Task details
Return an exact copy of the data, starting at its first line and ending at the line that contains "圖為瑪曲縣阿萬倉(cāng)鎮(zhèn)草原牧民在放牧。鐘建龍 攝", minus any pictures.

Data shown
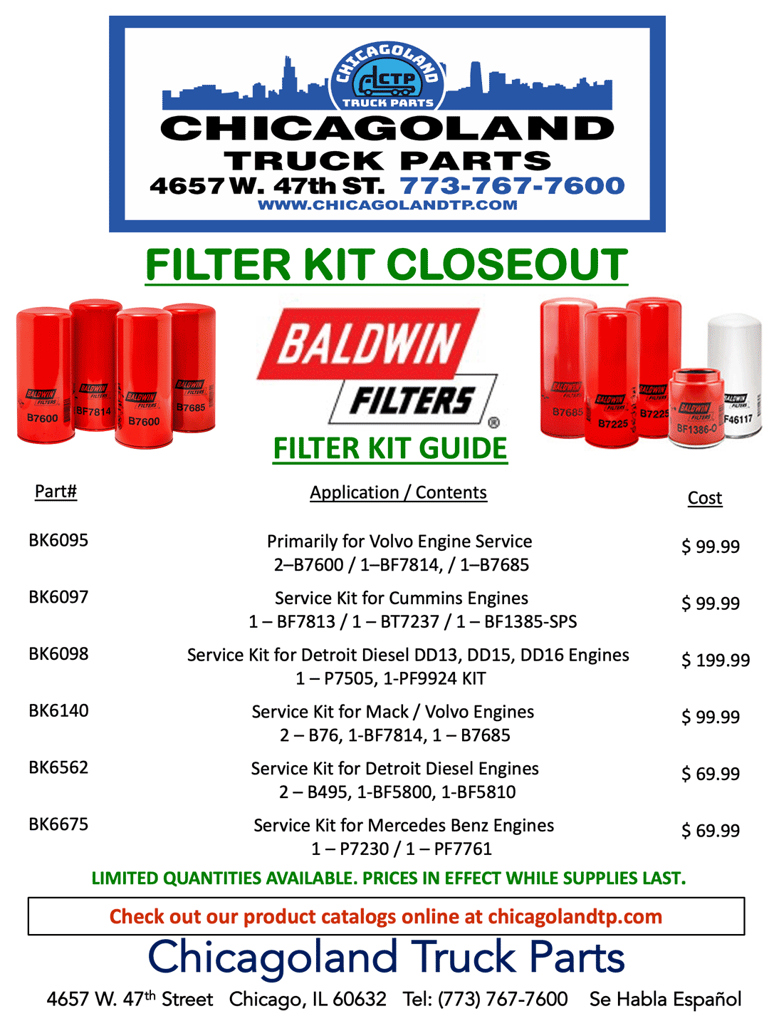 Established in 1985, Chicagoland Truck Parts has been providing the Chicago area with outstanding products, service and support—all to meet the demanding needs of the heavy-duty truck parts industry. Our years of experience and product knowledge ensure our customers’ needs are met to keep their business moving and increase productivity. We take great pride that our customers consider us not only their parts supplier, but their parts supply partner! Our Chicagoland team of professionals welcomes the opportunity to be your go-to parts resource. Contact or visit us today. Hablamos Español
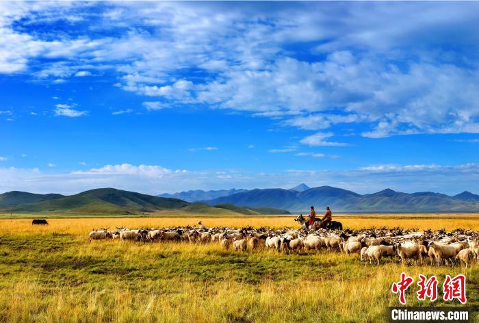 圖為瑪曲縣阿萬倉(cāng)鎮(zhèn)草原牧民在放牧。鐘建龍 攝
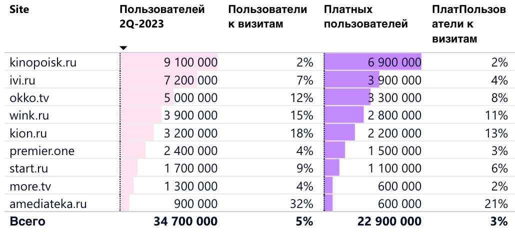 Больше всех пользователей во втором квартале 2023 г. у «Кинопоиска» —9,1 млн. И это количество составляет 2% от всех визитов на сайт. Уонлайн-кинотеатра также больше всего платных пользователей среди всеханализируем площадок — 6,9 млн (это тоже 2% от всех визитов на сайт). УAmediateka, наоборот, 900 тыс. пользователей, что составляет 32% от показателявсех визитов, платных пользователей 600 тыс. — это 21%.
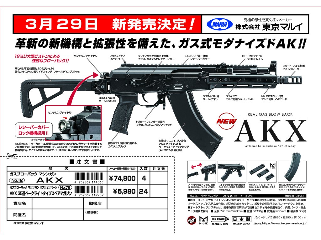 ✅ Tokyo Marui AKX GBBR představuje nejnovější a technologicky nejpokročilejší plynovou útočnou pušku z dílny legendárního výrobce Tokyo Marui. Nabízí extrémně silný blowback s 19mm pístem, moderní hliníkové M-LOKpředpažbí, precizní horní RIS lištu se zamykacím mechanismem a perfektně realistický chod závěru i ovládacích prvků.

Completed exercise
 Established in 1985, Chicagoland Truck Parts has been providing the Chicago area with outstanding products, service and support—all to meet the demanding needs of the heavy-duty truck parts industry. Our years of experience and product knowledge ensure our customers’ needs are met to keep their business moving and increase productivity. We take great pride that our customers consider us not only their parts supplier, but their parts supply partner! Our Chicagoland team of professionals welcomes the opportunity to be your go-to parts resource. Contact or visit us today. Hablamos Español
 圖為瑪曲縣阿萬倉(cāng)鎮(zhèn)草原牧民在放牧。鐘建龍 攝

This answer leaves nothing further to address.